If there is one common denominator to be pulled from each of the examples provided above it is this - esotericism. Finding a new way to express or refer to a particular thing and to a particular small group of people creates the feeling of belongingness, or perhaps taking it even a little further--exclusivity. The ability to speak in a tongue that is only understood by people one considers his or her peers is an intentional exercise in boasting membership. A great example of this is found in Steven Spielberg's Saving Private Ryan. When the young, raw, and terrified Corporal Upham is forced to join a crew of soldiers deep into retreating enemy territory for a special operation, his status as a "non-member" is quickly established and vocalized:

"Brotherhood? What do ya know about brotherhood? Get a load o' this guy." (The other soldiers laugh)....

Private Reiben: "Even if you think the mission is Fubar, sir?"

Captain Miller: "Especially if you think the mission's Fubar."

Corporal Upham: "What's Fubar?"

Private Mellish: "Uh, it's German."

Corporal Upham: "Hm. I never heard of that."

Of course, it is obvious to the rest of the small outfit, and most keen viewers, that the word is not German at all, but instead holds a definition that one has to earn. After a few further references to the acronymic term, and Upham's realization that he stands on the outside of his admired "brotherhood," Corporal Upham finally receives the rite, and the inside language is bestowed upon him.

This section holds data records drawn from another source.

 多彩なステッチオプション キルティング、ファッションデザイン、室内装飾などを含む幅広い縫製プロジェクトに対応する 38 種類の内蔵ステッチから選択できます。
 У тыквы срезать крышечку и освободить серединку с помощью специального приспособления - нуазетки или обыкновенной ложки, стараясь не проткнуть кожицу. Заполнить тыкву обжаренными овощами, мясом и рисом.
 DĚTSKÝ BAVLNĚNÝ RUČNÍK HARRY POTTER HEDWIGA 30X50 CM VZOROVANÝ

Nothing exists in of itself until it has a language. The loyalty and brotherhood that forms during a time of war is something that I can say I am fortunate enough to have never fully grasped; and let me hope I don't ever have to. It is clear that a certain amount of respect was attached to specific language, words, acronyms, and phrases. But when these terms come to be a part of our conventional language at home, have we somehow cheapened the institution from which they were born? The truth is, I don't know, because I have never been a soldier and therefore cannot relate to any emotions arisen when I hear a businessmen relate to cold calls as front lines; when I hear a repair man say he spent the day in the trenches, or when a rapper tells me to listen up as he prepares to drop bombs on me.

Much of our vocabulary was born in the military. Mark Peters of the online journal Psychology Today lists the benefits of such age-old practice. "Wars always generate new slang, which serves crucial psychological functions for soldiers. Among the benefits: Lightening the mood; Establishing identity; Connecting with home; Venting frustration; and dehumanizing the enemy."[1]

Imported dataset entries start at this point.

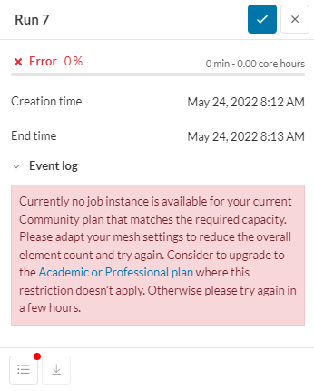 I’ve been able to commence my Simulation which has 5.2 million cells for 500s and its 35% completed, so I think you may be able to start your simulation thanks to Simscale and the freeing up of sever computing for the free community licence.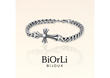 Gabriel - Bracelet Biker en Acier Noirci Maille Gourmette avec Croix de Lys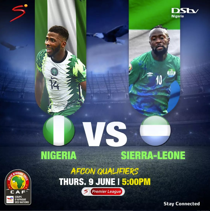 The road to AFCON 2023 begins on Thursday, June 8, 2022, as the Super Eagles of Nigeria kickoff their campaign to qualify for a 19th appearance at the African Cup of Nations. Placed in group A, Nigeria will first battle Sierra Leone at the Moshood Abiola Stadium Abuja an empty stadium, due to the pitch invasion during the World Cup qualifying match against Ghana. The match will, however, air live on SuperSport Premier League (DStv channel 203) at 5 p.m. You can watch on the go with the MyDStv mobile app at no extra cost.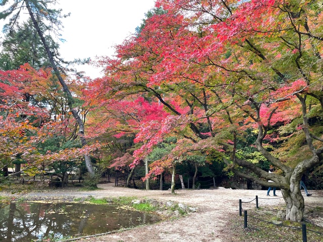今年は暖かく、例年より紅葉の色づきは遅いです。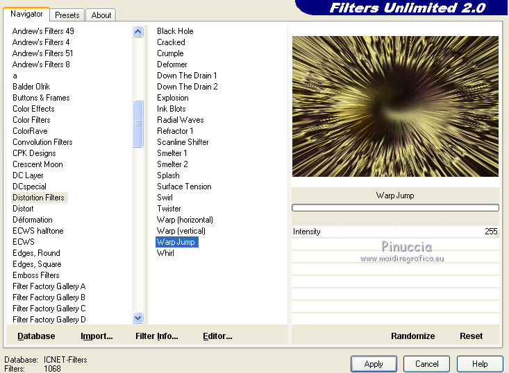 6. Effets>Modules Externes>Filters Unlimited 2.0 - Distortion Filters - Warp Jump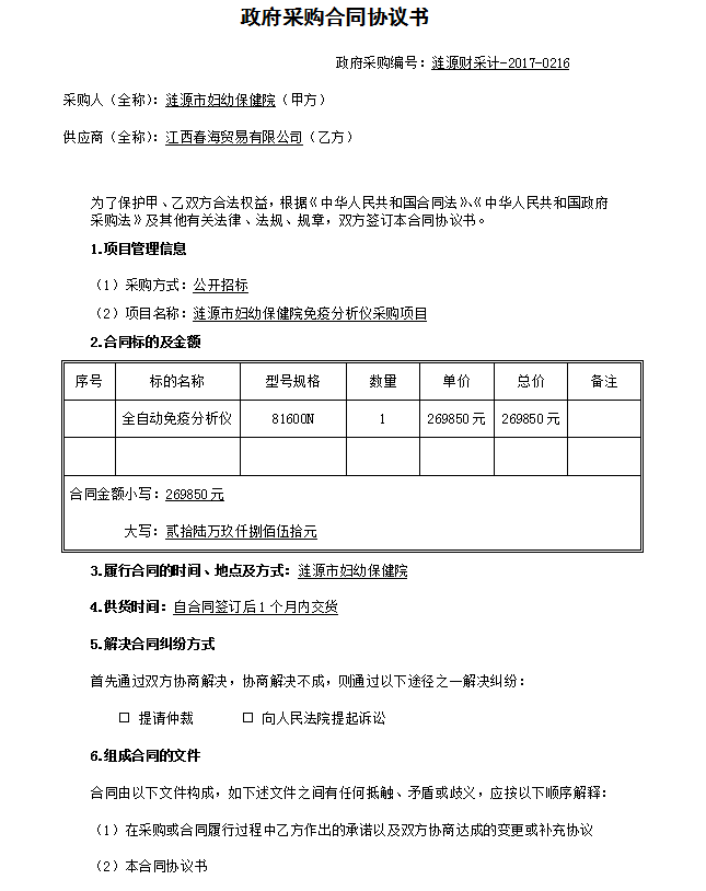 漣源市婦幼保健院免疫分析儀采購項目政府采購合同公示

I spent this past Memorial Day Weekend in New York City, where I live, and for those readers who are unaware, it is a weekend in which our city is completely overrun by Marines, Naval Officers, and many other members of the U.S. Armed Forces. For any of the young men and women I spoke to, they were kind and courteous, as if their duties of respect stretch far beyond the bridges of their battleships. When eavesdropping on conversations between themselves at restaurants, bars, or just the sidewalk as I prepared to write this piece, I was never surprised to not-hear anything I couldn't recognize as their own language. The speed at which slang is appropriated because of social media has removed that rite of passage, a la "Fubar," that once tied itself to the lexicon of war.